CD107b LAMP-2 (lysosome-associated membrane protein 2)
Molecule TypeAntigen ExpressionMolecular Weight
Min / Max
Non-lineage Restricted Molecule
Type 1 glycoprotein
Platelet
Endothelium
Epithelium
Granulocyte
Melanoma Cell
Tumor Cell
T Cell
Endothelial Cell
Blood Cell
Skeletal muscle
100 / 100
120 / 120

Expression
CD107b is expressed on granulocytes, activated and degranulated platelets, TNFa -activated endothelial cells, tonsillar epithelium and melanoma cells, the lysosomal membrane glycoproteins, TNFa-activated endothelium which is weakly positive and on weak FMLP-activated neutrophils.  CD107b is expressed on metastatic tumors.  Approximately 1-2% of total CD107b is expressed at the cell surface and released into the blood.  CD107b has 2 isoforms, LAMP-2A and LAMP-2B.  LAMP-2A is highly expressed in placenta, lung and liver, less in kidney and pancreas and low in brain and skeletal muscle.  LAMP-2B is highly expressed in sketetal muscle, less in brain, placenta, lung, kidney and pancreas and very low in liver.



Structure
MOLECULAR FAMILY NAME FOR CD107b:  Belongs to the lysosome-associated membrane protein family.

CD107b is a single-pass type-1 382 aa glycoprotein.  It contains a 350 aa  extracellular domain which contains 16 N-glycosylation sites and 10 O-glycosylation sites, a 24 aa transmembrane domain and a 11 aa cytoplasmic domain.  CD107b has a 39% aa sequence identity with CD107a.  These 2 molecules are the major sialoglycoproteins on lysosomal membranes.  A smaller proportion of CD107b can be detected on the plasma membrane.  The molecule is heavily glycosylated, containing N-glycans, some of which are composed of very complex poly-N-acetyllactosamines.  Carbohydrates constitute 60% of the total mass.  The major portion of each molecule is located on the luminal side of lysosomes, anchored by a transmembrane region with a short cytoplasmic tail.  The intra-luminal portion of the molecule is comprised of 2 homologous disulfide-linked loops or domains, separated by a hinge region rich in proline and threonine residues, which is O-glycosylated.  The hinge region bears the O-linked carboyhydrate.  Both CD107a and CD107b contain the sequence GYXX in their cytoplasmic tails.  This motif is also present in the cytoplasmic tail of CD63 and lysosomal acid phosphatase (LAP), both of which are transported to lysosomes.

MOLECULAR MASS
Cell Type Unreduced Reduced Comment
Platelets 100 - 120 kDa

POST-TRANSCRIPTIONAL MODIFICATION

Alternative splicing  yields 2 different isoforms.
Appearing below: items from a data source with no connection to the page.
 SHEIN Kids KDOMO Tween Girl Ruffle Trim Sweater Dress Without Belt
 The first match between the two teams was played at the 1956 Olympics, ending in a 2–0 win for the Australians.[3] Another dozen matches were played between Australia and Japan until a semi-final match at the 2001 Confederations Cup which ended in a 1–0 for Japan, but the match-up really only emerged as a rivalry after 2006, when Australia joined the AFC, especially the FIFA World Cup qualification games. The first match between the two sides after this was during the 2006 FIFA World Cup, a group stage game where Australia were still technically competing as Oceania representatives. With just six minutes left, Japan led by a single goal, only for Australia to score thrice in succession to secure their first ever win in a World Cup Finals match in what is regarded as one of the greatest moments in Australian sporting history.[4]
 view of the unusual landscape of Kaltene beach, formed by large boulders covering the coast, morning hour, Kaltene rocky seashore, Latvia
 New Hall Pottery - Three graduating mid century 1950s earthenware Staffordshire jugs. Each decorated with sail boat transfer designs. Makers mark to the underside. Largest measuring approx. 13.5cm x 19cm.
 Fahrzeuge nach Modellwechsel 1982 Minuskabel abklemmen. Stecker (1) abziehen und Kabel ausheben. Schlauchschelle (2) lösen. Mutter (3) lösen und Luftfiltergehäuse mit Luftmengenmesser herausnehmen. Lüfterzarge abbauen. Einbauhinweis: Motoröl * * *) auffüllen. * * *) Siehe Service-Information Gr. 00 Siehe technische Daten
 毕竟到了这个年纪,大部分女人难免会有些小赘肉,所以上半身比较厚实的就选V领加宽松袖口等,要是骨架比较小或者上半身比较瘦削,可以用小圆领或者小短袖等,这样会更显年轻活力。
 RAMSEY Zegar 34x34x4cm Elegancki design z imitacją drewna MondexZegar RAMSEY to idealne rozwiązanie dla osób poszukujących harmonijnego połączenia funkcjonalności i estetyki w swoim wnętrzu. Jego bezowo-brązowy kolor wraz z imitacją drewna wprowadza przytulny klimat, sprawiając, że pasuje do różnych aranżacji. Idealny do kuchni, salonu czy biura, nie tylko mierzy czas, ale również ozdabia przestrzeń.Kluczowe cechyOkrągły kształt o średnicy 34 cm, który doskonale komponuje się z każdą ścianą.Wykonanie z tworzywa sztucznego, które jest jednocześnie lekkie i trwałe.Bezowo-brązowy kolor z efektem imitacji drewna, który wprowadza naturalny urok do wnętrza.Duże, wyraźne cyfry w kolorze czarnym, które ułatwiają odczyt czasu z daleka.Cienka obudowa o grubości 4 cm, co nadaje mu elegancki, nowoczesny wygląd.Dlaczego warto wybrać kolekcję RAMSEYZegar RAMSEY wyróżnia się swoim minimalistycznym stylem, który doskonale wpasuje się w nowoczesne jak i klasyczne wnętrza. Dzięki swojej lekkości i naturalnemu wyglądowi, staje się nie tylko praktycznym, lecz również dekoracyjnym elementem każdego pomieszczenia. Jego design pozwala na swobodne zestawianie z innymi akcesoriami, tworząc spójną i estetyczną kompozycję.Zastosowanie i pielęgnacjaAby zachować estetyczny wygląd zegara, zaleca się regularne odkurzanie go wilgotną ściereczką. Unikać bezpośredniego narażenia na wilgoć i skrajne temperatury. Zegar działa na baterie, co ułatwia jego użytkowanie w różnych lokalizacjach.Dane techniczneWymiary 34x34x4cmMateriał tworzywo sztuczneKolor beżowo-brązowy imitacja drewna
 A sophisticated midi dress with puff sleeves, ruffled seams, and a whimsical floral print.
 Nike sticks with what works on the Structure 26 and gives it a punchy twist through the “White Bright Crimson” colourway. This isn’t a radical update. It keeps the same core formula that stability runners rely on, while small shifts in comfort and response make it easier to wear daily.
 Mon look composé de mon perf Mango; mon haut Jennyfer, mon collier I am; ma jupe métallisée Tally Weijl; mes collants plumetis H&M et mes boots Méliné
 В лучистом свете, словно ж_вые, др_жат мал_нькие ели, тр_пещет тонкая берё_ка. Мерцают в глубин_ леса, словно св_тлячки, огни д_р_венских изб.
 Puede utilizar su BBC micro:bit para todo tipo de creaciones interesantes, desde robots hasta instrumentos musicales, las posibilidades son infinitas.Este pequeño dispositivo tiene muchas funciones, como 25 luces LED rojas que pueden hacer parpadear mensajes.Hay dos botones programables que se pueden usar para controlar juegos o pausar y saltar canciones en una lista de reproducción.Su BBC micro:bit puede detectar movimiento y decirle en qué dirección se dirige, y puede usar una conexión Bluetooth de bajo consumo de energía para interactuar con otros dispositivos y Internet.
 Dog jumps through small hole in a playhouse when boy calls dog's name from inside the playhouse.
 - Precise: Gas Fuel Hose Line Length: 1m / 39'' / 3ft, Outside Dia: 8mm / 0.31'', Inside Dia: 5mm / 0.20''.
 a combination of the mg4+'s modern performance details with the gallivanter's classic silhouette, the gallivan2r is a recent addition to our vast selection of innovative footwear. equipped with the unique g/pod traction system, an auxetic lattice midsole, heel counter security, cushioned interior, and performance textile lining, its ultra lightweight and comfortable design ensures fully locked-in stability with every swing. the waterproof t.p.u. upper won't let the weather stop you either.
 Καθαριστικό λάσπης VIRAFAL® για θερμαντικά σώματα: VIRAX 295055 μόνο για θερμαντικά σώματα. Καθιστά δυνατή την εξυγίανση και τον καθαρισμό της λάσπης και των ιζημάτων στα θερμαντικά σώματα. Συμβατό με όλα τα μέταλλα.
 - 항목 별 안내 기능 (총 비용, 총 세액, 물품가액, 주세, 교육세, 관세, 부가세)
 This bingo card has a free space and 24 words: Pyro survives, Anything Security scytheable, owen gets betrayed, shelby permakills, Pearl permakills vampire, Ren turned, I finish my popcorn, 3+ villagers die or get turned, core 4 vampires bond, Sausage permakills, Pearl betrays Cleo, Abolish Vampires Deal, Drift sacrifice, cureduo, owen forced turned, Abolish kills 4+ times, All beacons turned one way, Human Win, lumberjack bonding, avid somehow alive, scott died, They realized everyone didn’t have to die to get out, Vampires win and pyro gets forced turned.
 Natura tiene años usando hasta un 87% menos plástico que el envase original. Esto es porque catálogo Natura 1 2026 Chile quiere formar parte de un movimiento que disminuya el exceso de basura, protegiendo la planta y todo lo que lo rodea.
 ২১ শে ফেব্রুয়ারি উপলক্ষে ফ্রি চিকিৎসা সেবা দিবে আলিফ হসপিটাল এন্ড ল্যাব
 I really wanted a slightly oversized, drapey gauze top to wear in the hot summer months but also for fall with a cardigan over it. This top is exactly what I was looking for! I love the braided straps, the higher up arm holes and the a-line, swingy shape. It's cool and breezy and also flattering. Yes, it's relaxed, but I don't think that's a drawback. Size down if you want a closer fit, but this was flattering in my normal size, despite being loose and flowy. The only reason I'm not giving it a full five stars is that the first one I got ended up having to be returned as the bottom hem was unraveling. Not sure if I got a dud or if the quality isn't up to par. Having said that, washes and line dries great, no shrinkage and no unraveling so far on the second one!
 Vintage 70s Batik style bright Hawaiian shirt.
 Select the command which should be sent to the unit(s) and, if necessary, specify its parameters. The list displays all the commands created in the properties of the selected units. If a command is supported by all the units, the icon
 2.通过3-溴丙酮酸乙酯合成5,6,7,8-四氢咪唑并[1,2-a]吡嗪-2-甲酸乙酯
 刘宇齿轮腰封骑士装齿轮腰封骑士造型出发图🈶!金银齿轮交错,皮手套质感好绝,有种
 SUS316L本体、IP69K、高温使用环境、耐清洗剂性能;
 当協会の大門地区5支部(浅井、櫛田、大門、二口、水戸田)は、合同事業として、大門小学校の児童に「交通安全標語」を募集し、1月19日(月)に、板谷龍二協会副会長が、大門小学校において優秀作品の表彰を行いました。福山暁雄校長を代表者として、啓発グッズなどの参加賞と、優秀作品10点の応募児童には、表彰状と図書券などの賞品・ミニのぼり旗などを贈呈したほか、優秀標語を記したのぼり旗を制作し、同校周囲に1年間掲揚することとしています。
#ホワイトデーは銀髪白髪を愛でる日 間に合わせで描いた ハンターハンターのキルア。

POST-TRANSLATIONAL MODIFICATION

CD107b provides selectins with carbohydrate ligands.  The mature protein has a carbohydrate content of 60%. There are 16 potential N-linked glycosylation sites, some of which link poly-N-acetyllactosamines. The hinge region contains O-linked glycans. The carbohydrate is essential for maintaining the stability of this molecule.

Ligands
LIGANDS AND MOLECULES ASSOCIATED WITH CD107b

The carbohydrates borne by CD107b are bound by lectins such as selectins, CD62L, E and P and has been identified as ligands for galectin and a S-type lectin present in the extracellular matrix through its recognition of N-acetyllactosamine oligosaccharide chains.

Function
CD107b functions in the protection, maintenance and the adhesion of lysosomes.  It has been suggested that CD107b protects the inner surface of the lysosomal membrane by forming a barrier to soluble lysosomal hydrolases. Enzymatic removal of the carbohydrate does not affect lysosomal integrity but their specific function remains unclear.  On the cell surface, the carbohydrate group includes Lewis X and is ligands for lectins such as the selectin family.  The upregulated expression of CD107b on the surface of several tumor cell lines has been associated with their enhanced metastatic potential, where they may increase adhesion to extracellular matrix and endothelium.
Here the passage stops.